The whole movie seems to have been set up to push Luke towards the Dark Side.
It is foreshadowed by Yoda, who first refuses to train him : too old, too reckless. Later, when KLuke gets a vision of his friends in danger, he decides to go and save them, in spite of Yoda and Obi-Wan's warning.
And if you add in there how in the prequel, you had the same buildup for Anakin (too old for training, too reckless, getting a vision of Padmé in danger).
So now you have Luke fighting a losing battle against Vader, loosing his hand and his weapon. He's basically at his mercy. Vader tells him he's his father, and asks him to join his side.

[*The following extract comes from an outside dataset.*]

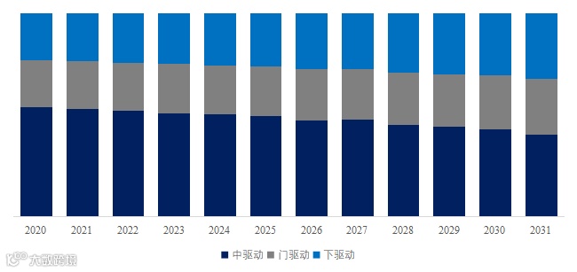就产品类型而言,目前中驱动是最主要的细分产品,占据大约50.6%的份额。

Luke's decision is what's interesting here. His back against the wall, his only chance of survival is to go with Vader. It's perfectly justifiable. He could tell himself he's only going to be pretending. Breaking the Sith from the inside.
But in his heart he knows Yoda was right. If he goes this way, he'll be lost, like his father before him. And so he commits the ultimate sacrifice. He jumps to his doom.
And miraculously survives. Which is irrelevant to the discussion. What's important is that it would have been just as interesting if he would have taken Vader's hand. As long as this decision stays clearly in the player's hand, the GM can decide that Vader is Luke's father.
FredGarber:
This play example also assumes that Vader is a GM-controlled Antagonist NPC, instead of another player.
-Fred
Ron Edwards:
Stop, guys. Examples like these aren't actual play and it shows. There is absolutely no way to map content to play from the content alone.
Piers has begun a new thread to address his point more clearly. This thread is now closed to posting.